■ Problem details ■
An unchanged copy of all the lines below is expected, and it should contain no pictures.

■ Dataset content ■
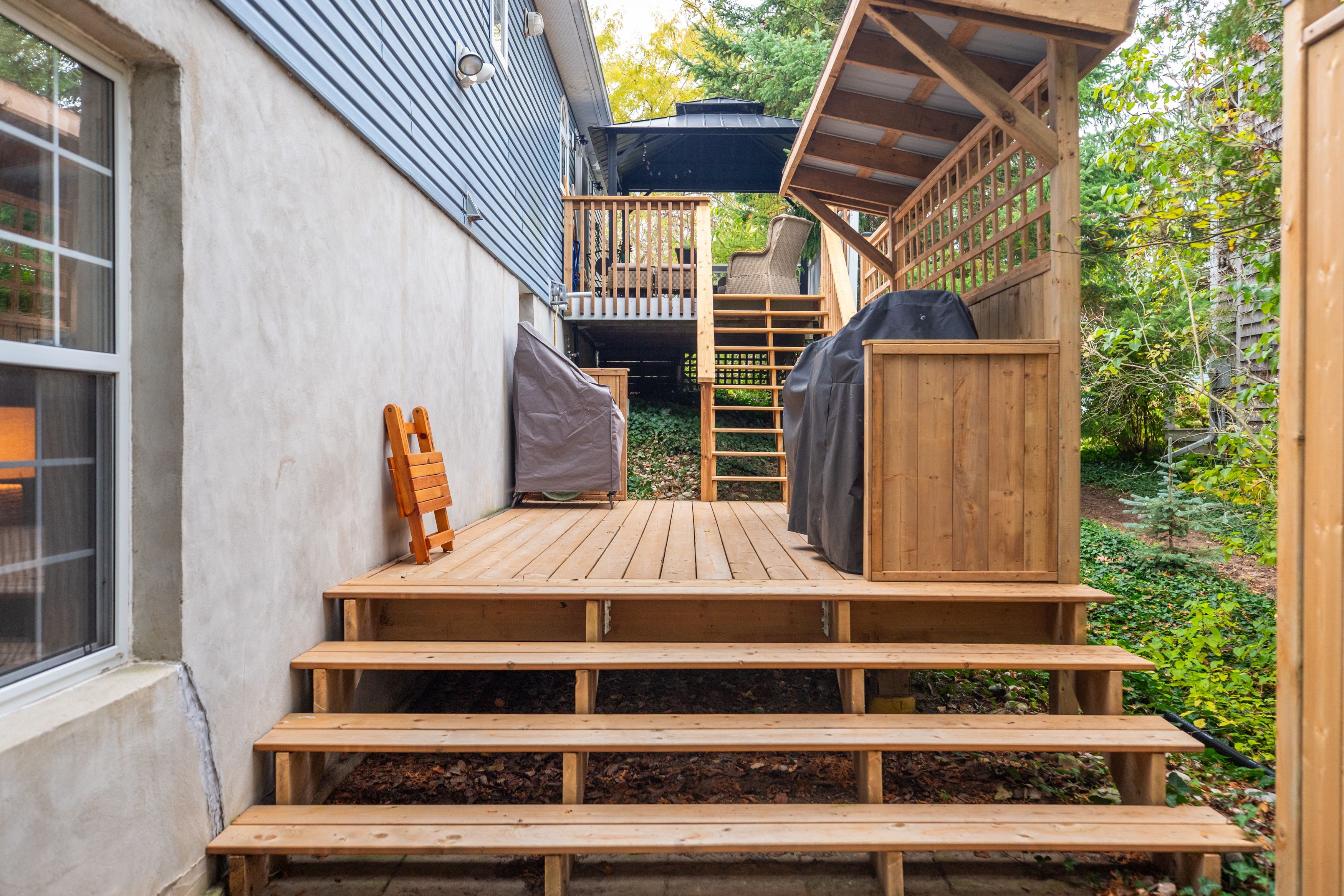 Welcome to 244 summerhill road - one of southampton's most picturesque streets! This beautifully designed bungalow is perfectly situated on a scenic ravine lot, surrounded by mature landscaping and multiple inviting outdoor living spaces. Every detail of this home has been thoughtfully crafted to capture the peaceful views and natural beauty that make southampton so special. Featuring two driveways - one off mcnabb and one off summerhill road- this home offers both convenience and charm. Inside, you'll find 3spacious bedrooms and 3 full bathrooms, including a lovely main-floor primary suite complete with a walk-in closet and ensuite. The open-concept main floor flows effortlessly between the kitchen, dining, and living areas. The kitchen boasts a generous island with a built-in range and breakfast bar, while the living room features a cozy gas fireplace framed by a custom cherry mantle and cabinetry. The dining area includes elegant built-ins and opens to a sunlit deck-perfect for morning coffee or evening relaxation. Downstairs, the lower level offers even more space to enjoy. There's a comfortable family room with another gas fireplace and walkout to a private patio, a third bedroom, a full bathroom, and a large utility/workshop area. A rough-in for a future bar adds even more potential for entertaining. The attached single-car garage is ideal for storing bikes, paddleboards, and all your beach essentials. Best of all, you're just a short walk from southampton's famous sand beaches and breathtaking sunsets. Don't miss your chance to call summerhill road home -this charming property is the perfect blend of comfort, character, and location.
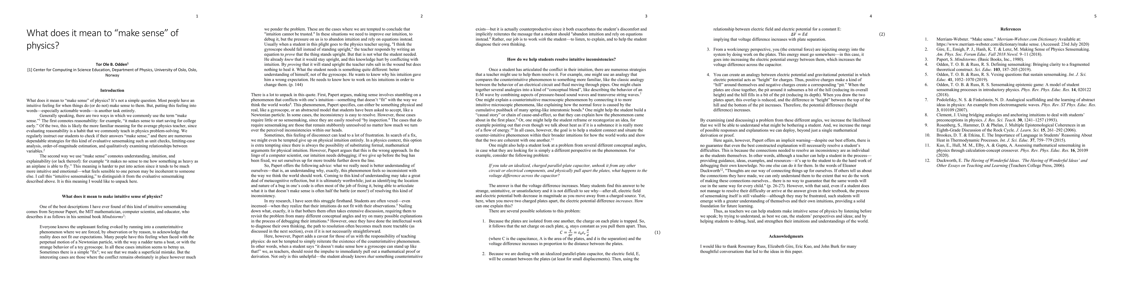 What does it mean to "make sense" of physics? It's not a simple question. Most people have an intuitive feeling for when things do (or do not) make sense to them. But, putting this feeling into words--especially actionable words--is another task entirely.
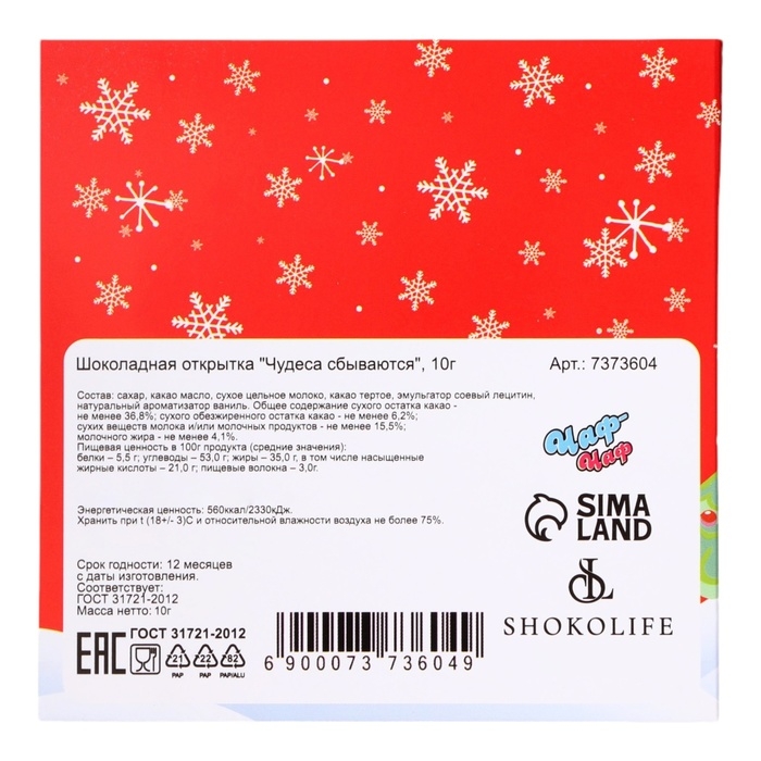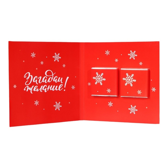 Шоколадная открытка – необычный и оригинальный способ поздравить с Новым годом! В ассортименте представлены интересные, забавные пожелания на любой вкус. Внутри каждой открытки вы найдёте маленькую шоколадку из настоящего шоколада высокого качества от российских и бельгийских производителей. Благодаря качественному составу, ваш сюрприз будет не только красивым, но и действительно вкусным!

■ Result for this task ■
 Welcome to 244 summerhill road - one of southampton's most picturesque streets! This beautifully designed bungalow is perfectly situated on a scenic ravine lot, surrounded by mature landscaping and multiple inviting outdoor living spaces. Every detail of this home has been thoughtfully crafted to capture the peaceful views and natural beauty that make southampton so special. Featuring two driveways - one off mcnabb and one off summerhill road- this home offers both convenience and charm. Inside, you'll find 3spacious bedrooms and 3 full bathrooms, including a lovely main-floor primary suite complete with a walk-in closet and ensuite. The open-concept main floor flows effortlessly between the kitchen, dining, and living areas. The kitchen boasts a generous island with a built-in range and breakfast bar, while the living room features a cozy gas fireplace framed by a custom cherry mantle and cabinetry. The dining area includes elegant built-ins and opens to a sunlit deck-perfect for morning coffee or evening relaxation. Downstairs, the lower level offers even more space to enjoy. There's a comfortable family room with another gas fireplace and walkout to a private patio, a third bedroom, a full bathroom, and a large utility/workshop area. A rough-in for a future bar adds even more potential for entertaining. The attached single-car garage is ideal for storing bikes, paddleboards, and all your beach essentials. Best of all, you're just a short walk from southampton's famous sand beaches and breathtaking sunsets. Don't miss your chance to call summerhill road home -this charming property is the perfect blend of comfort, character, and location.
 What does it mean to "make sense" of physics? It's not a simple question. Most people have an intuitive feeling for when things do (or do not) make sense to them. But, putting this feeling into words--especially actionable words--is another task entirely.
 Шоколадная открытка – необычный и оригинальный способ поздравить с Новым годом! В ассортименте представлены интересные, забавные пожелания на любой вкус. Внутри каждой открытки вы найдёте маленькую шоколадку из настоящего шоколада высокого качества от российских и бельгийских производителей. Благодаря качественному составу, ваш сюрприз будет не только красивым, но и действительно вкусным!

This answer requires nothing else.